In the screenshot below, Anodot monitors factory data generated by IoT sensors. All machine parameters are tracked and learned in real time, correlating metrics temperature, vibrations and noise. Anodot identifies several anomalies, possibly indicating a problem.
Outlier Detection Makes Proactive When Maintenance Possible
Anodot can also be used to compare the performance of similar things, and detect outliers. As the sensors and components become more prevalent in industrial environments, it is possible to collect data from multiple industrial IoT components and correlate a particular component behavior with similar components. Anodot can pinpoint outliers not just within the data for one machine, but for multiple machines (input changes like increased temperature). This will significantly improve predicting the likelihood of equipment failure or a need for unscheduled maintenance to maintain equipment efficiency.

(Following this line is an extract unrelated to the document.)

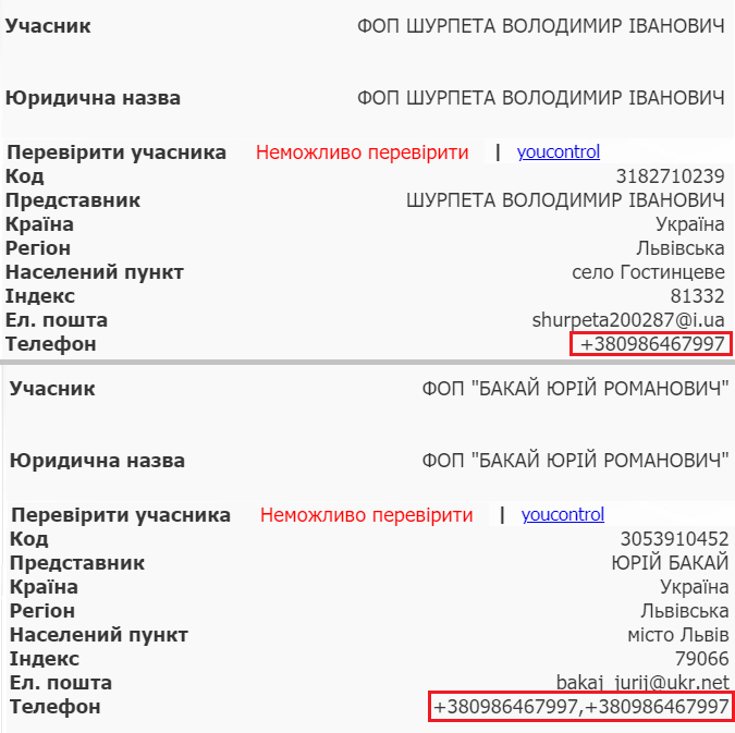 Окрім того, як свідчить модуль аналітики «Bipro. Prozorro», обидва підприємці зареєструвалися на закупівельному майданчику зі спільним номером телефону. Його в реєстрі юридичних осіб як контактний вказав учасник Володимир Шурпета.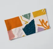 Een abstracte collage van versplinterde, overlappende vormen in een levendig palet van oranje, blauw en roze creëert een dynamische, energieke en moderne compositie.

Remove Seasonal Fluctuations and Expose Real Trend In Underlying Data
Machine data has a seasonal component, cyclic patterns in observed data over time. For example lights that are turned on in the evening, turned off at night, and then on again in the early morning. On the weekends the behavior may be different. These and other patterns make it difficult for a human user to identify static thresholds to set for manual alerts, and in fact make most static thresholds irrelevant. Anodot, however, automatically learns how the data behaves, including all of its patterns and seemingly random behavior, correlating between external events (like holidays or weather changes) and the collected data metrics.
Making Sense of Your ARTIK Cloud Data
Diverse devices and “things” continuously send and receive data to ARTIK Cloud. Anodot helps make sense of what is happening all in real time. Without having to set any thresholds or even understand how the data is supposed to behave, Anodot can provide automated, pre-emptive alerts.